Here is built also a sanctuary [hieron] of the Mother of the gods; she [= her statue] is by Pheidias. Close by is the council-chamber [bouleutērion] of those called the Five Hundred, who for a term of a year act-as-councilors [bouleuein] on behalf of the Athenians. In it are a wooden-statue [xoanon] of Zeus Boulaios and an Apollo, the work [tekhnē] of Peisias, and a [personified] Dēmos, a work [ergon] by Lyson. As for the lawgivers [thesmothetai], they were painted [graphein] by Protogenes1 of Kaunos, and Olbiades painted Kallippos, who led the Athenians to Thermopylae to stop the incursion of the Gauls [Galatai] into Greece [Hellas].2

Footnotes

  1. A contemporary of Alexander the Great.

  2. 279 BCE.

subject heading(s): *harpazein *‘abduct’; Eos; Kephalos; Phaethon; Aphrodite

On the myth about the abduction of Kephalos by Eos, see the commentary at O.15.250–251 as presented in https://chs.harvard.edu/CHS/article/display/6718. On the myth about the abduction of Phaethon by Aphrodite, as narrated in Hesiod Theogony 986–991 and as mentioned here in Pausanias 1.3.1, see again the commentary at O.15.250–251.

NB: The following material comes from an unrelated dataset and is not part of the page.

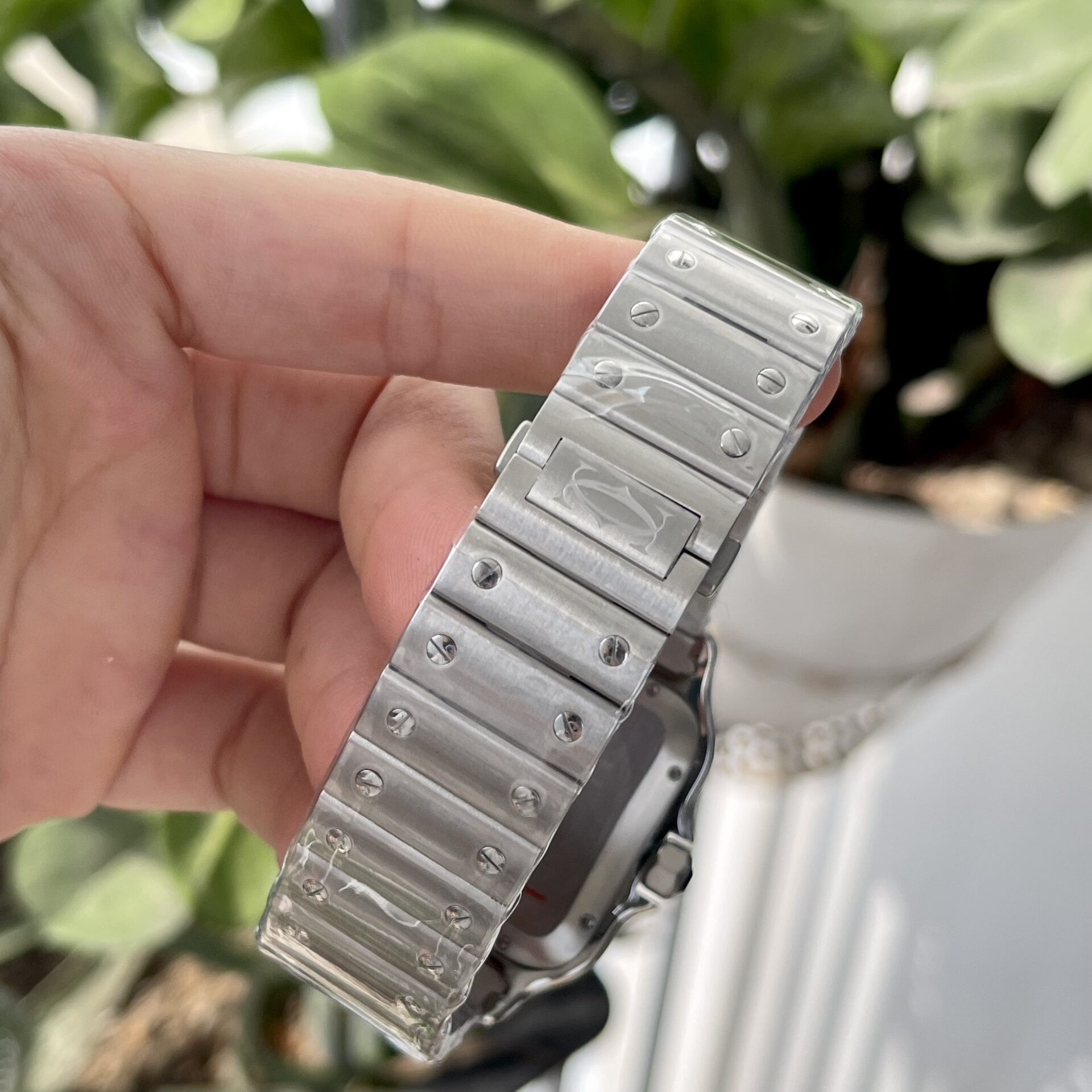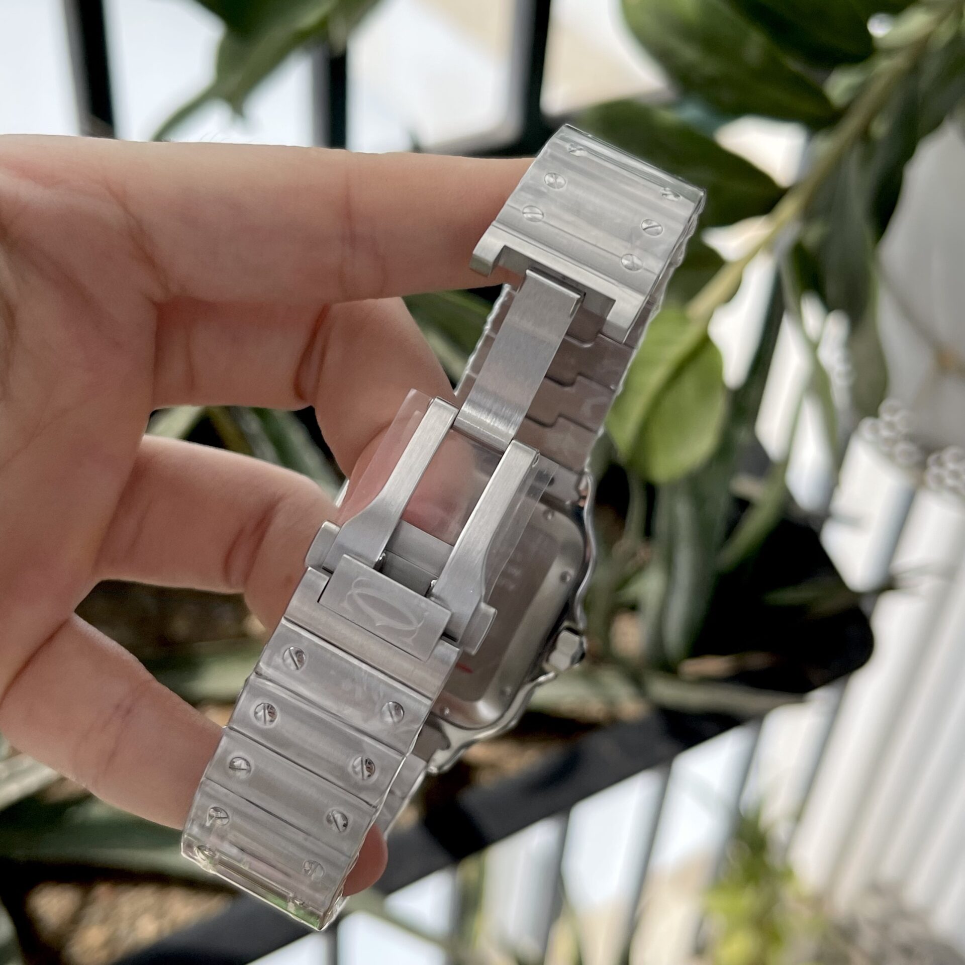 Users can easily swap straps according to their preferences thanks to the QuickSwitch system hidden beneath the strap, activated with a simple touch. In this top-tier Cartier watch version, the manufacturer has equipped it with a stainless steel bracelet and a stylish navy blue calf leather strap.

subject heading(s): Gauls [Galatai]; defamiliarizing

In his narrative, Pausanias will focus here on the ancient Celtic people known as the Gauls, called *Galatai *in Greek, as they existed in the third century BCE. By maintaining this focus, Pausanias will be defamiliarizing the Gauls as they existed in his own time, that is, in the second century CE. I say this because it stands to reason that educated Greeks in the time of Pausanias would have been well enough informed about the existence of romanized Gauls living in the western and non-Greek part of Roman Empire—in what is now northern Italy, France, and Spain. By contrast, educated Romans in the time of Pausanias—and even Greeks—would have been relatively unfamiliar with the reality of earlier Gauls who figured in the pre-imperial history of the eastern and Greek part of the same Roman Empire.